**What you are asked to do:**
Once the pictures are set aside, transcribe each line of the listing exactly.

**Recorded data:**
╔══

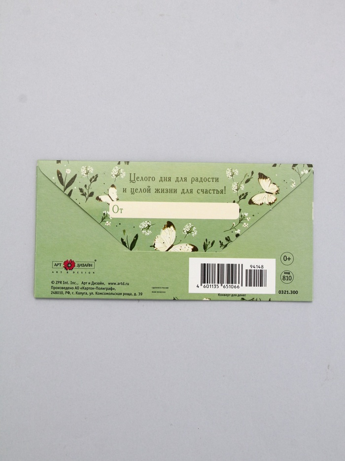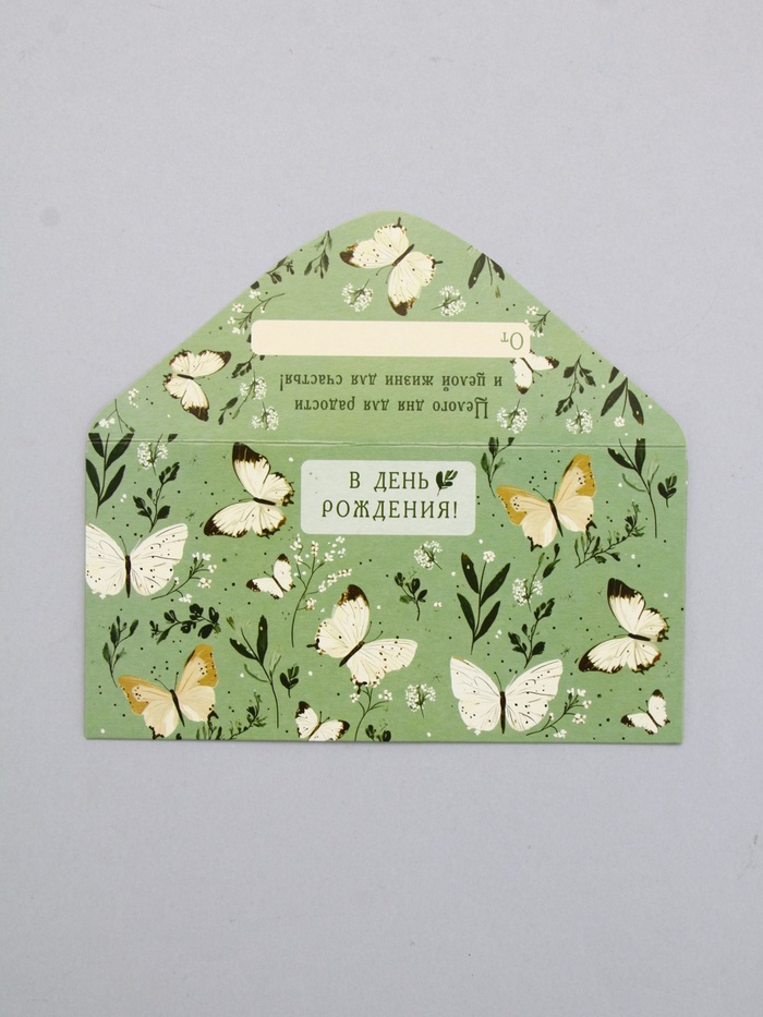 Конверт для денег «В День Рождения!», бабочки на зелёном, 16,5 х 8 см — Характеристики
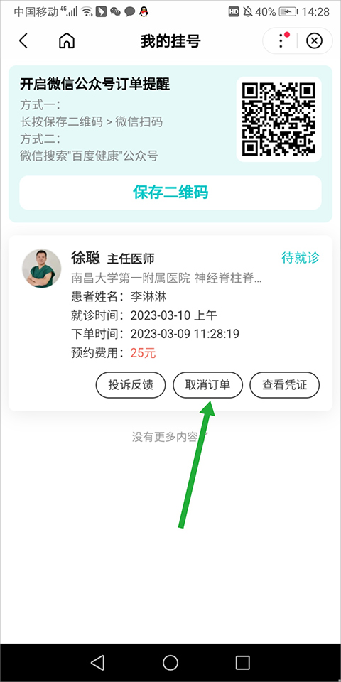 用户可以前往百度app中的【我的】页面中点击【订单】(下图绿色箭头所指)
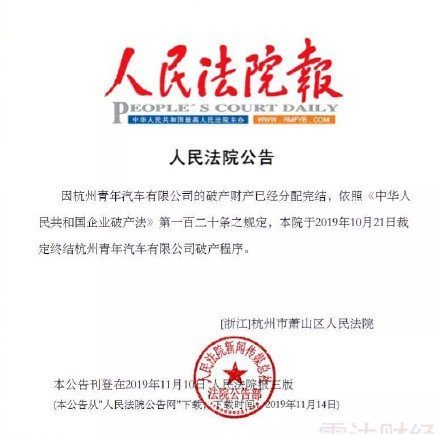 速途網11月18日消息(報道:喬志斌)近日,人民法院公告,因青年汽車的破產財產已經分配完結,依照《中華人民共和國企業破產法》第一百二十條之規定,已于2019年10月21日裁定終結青年汽車破產程序。

╚══

**Your solution:**
 Конверт для денег «В День Рождения!», бабочки на зелёном, 16,5 х 8 см — Характеристики
 用户可以前往百度app中的【我的】页面中点击【订单】(下图绿色箭头所指)
 速途網11月18日消息(報道:喬志斌)近日,人民法院公告,因青年汽車的破產財產已經分配完結,依照《中華人民共和國企業破產法》第一百二十條之規定,已于2019年10月21日裁定終結青年汽車破產程序。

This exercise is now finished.